→ About this task
Using the listing below, give again exactly the lines from the line with "フランスのSniffy Ma" to the line with "В преддверии Нового", inclusive, without the pictures.

→ Data shown
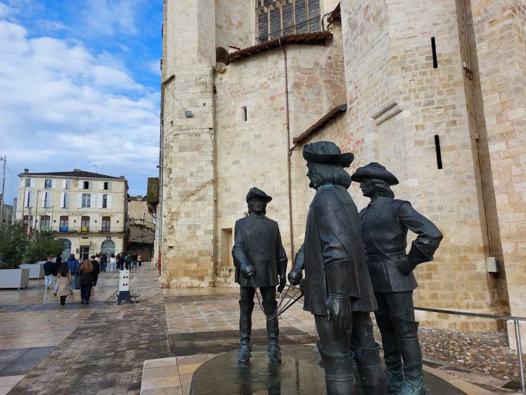 We krijgen een warme ontvangst in het Lycée Bossuet. De voltallige directie en het Erasmus+ team van het Lycée verwelkomen ons op school met een ontbijtje. Het weekprogramma wordt voorgesteld. We werken rond het thema “water”. De leerlingen leiden ons rond in hun school, een oud klooster met veel historiek. Het stadje Condom is misschien niet groot, maar wel rijk aan oude, authentieke gebouwen zoals de Gotische kathedraal. Een standbeeld van Les Trois Mousquetaires (die eigenlijk met vier waren) siert het centrale marktplein.
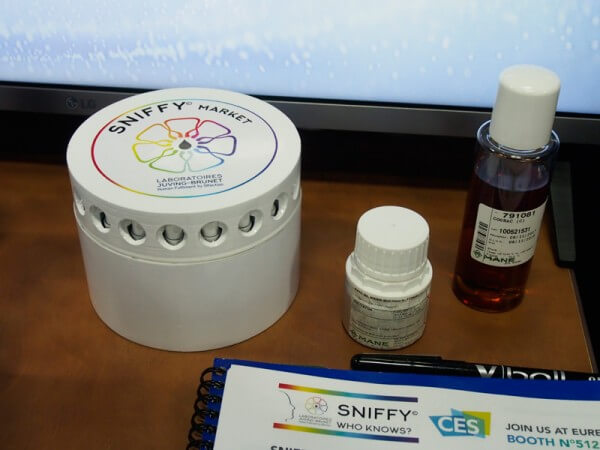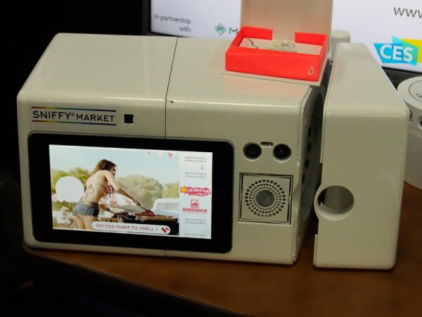 フランスのSniffy Marketは、香りや匂いも体験できるIoT製品をCES2018に参考出展していた。本体は電子レンジ程度の大きさで、そこに広告を表示するディスプレイが埋め込まれている。本体内には香りのエキスを収納するカプセルがあり、広告に合わせた香りが端末から出てくるという仕組みだ。
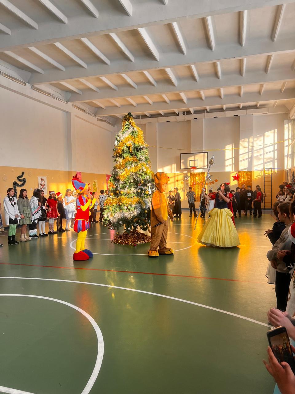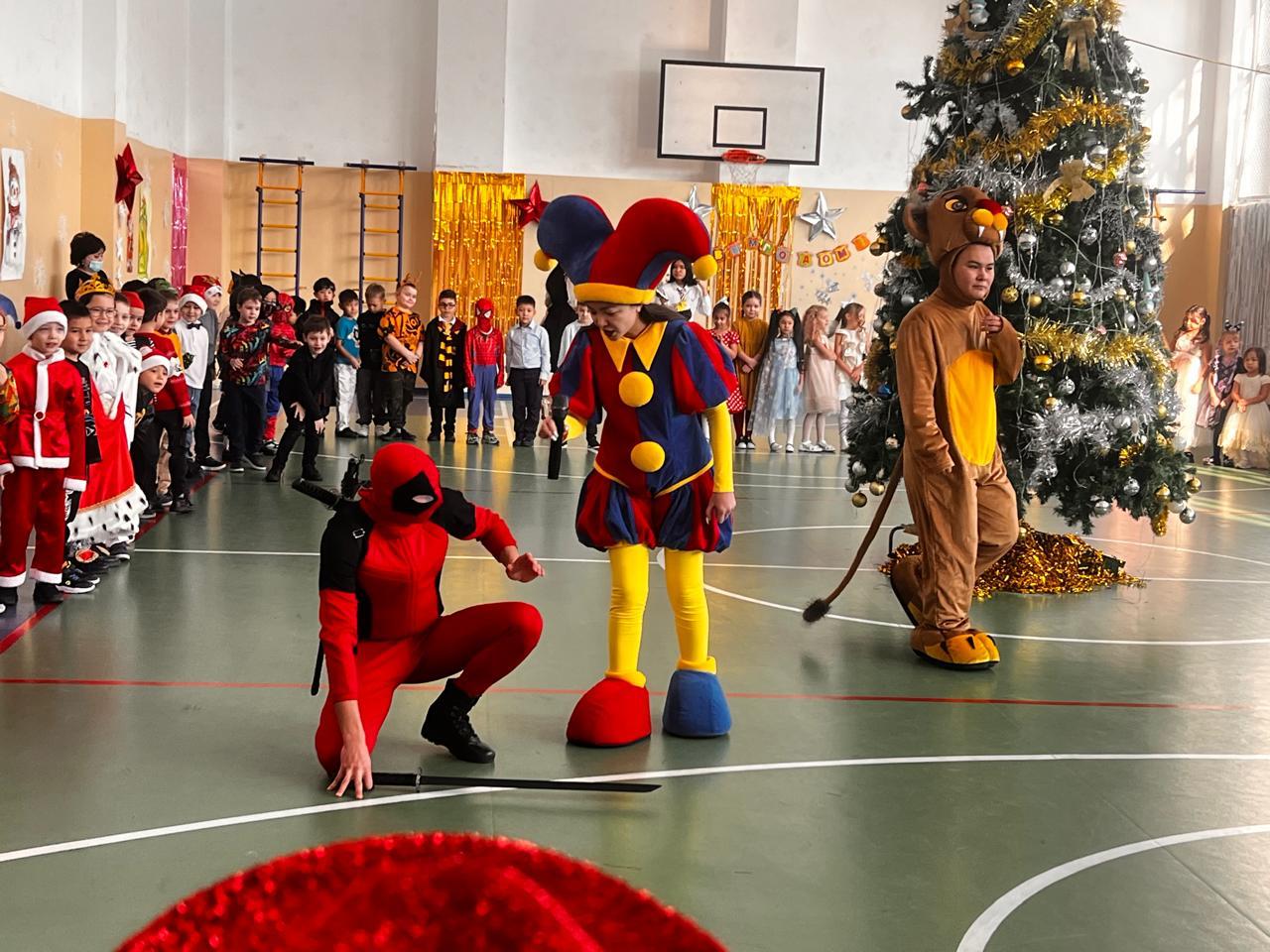 В преддверии Нового года 25.12.24 г в гимназии прошли новогодние ёлки для учащихся 1-4 классов Ребята пришли на елку в карнавальных костюмах : принцесс, ковбоев, драконов и других сказочных героев. В спортивном зале их ждала огромная новогодняя елка, а развлекали детей сказочные персонажи: дед Мороз, Снегурочка, человек-паук, клоун
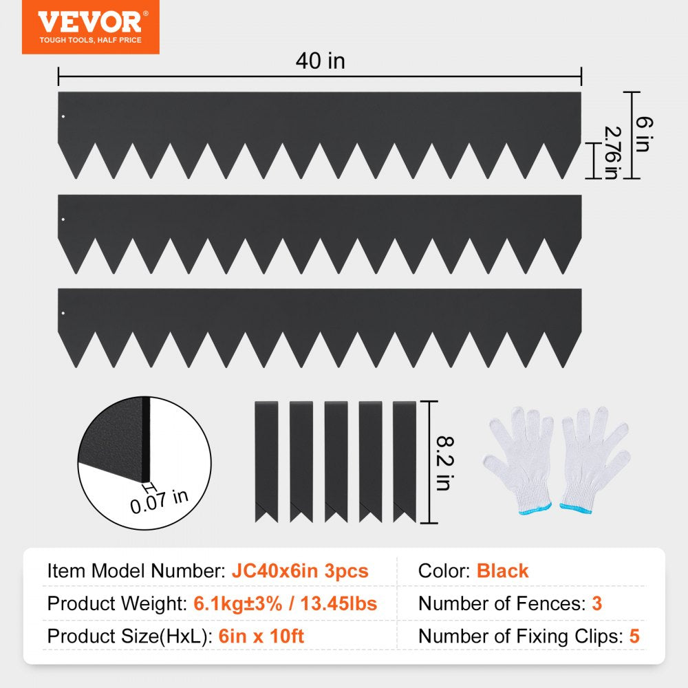 Enhance your garden with the VEVOR Steel Landscape Edging. This set includes 3 durable 40" L x 6" H strips made of high-quality galvanized steel, designed to withstand the test of time. Whether you’re working with soft or hard soil, this versatile, bendable edging border ensures a neat, professional look for your yard or garden. The easy-to-install system includes 5 fixing clips to secure the edging in place, making it perfect for creating clean borders around flower beds, lawns, or walkways. The black finish adds a sleek touch to any outdoor space, while the steel construction offers reliable strength and longevity.

→ Response to the exercise
 フランスのSniffy Marketは、香りや匂いも体験できるIoT製品をCES2018に参考出展していた。本体は電子レンジ程度の大きさで、そこに広告を表示するディスプレイが埋め込まれている。本体内には香りのエキスを収納するカプセルがあり、広告に合わせた香りが端末から出てくるという仕組みだ。
 В преддверии Нового года 25.12.24 г в гимназии прошли новогодние ёлки для учащихся 1-4 классов Ребята пришли на елку в карнавальных костюмах : принцесс, ковбоев, драконов и других сказочных героев. В спортивном зале их ждала огромная новогодняя елка, а развлекали детей сказочные персонажи: дед Мороз, Снегурочка, человек-паук, клоун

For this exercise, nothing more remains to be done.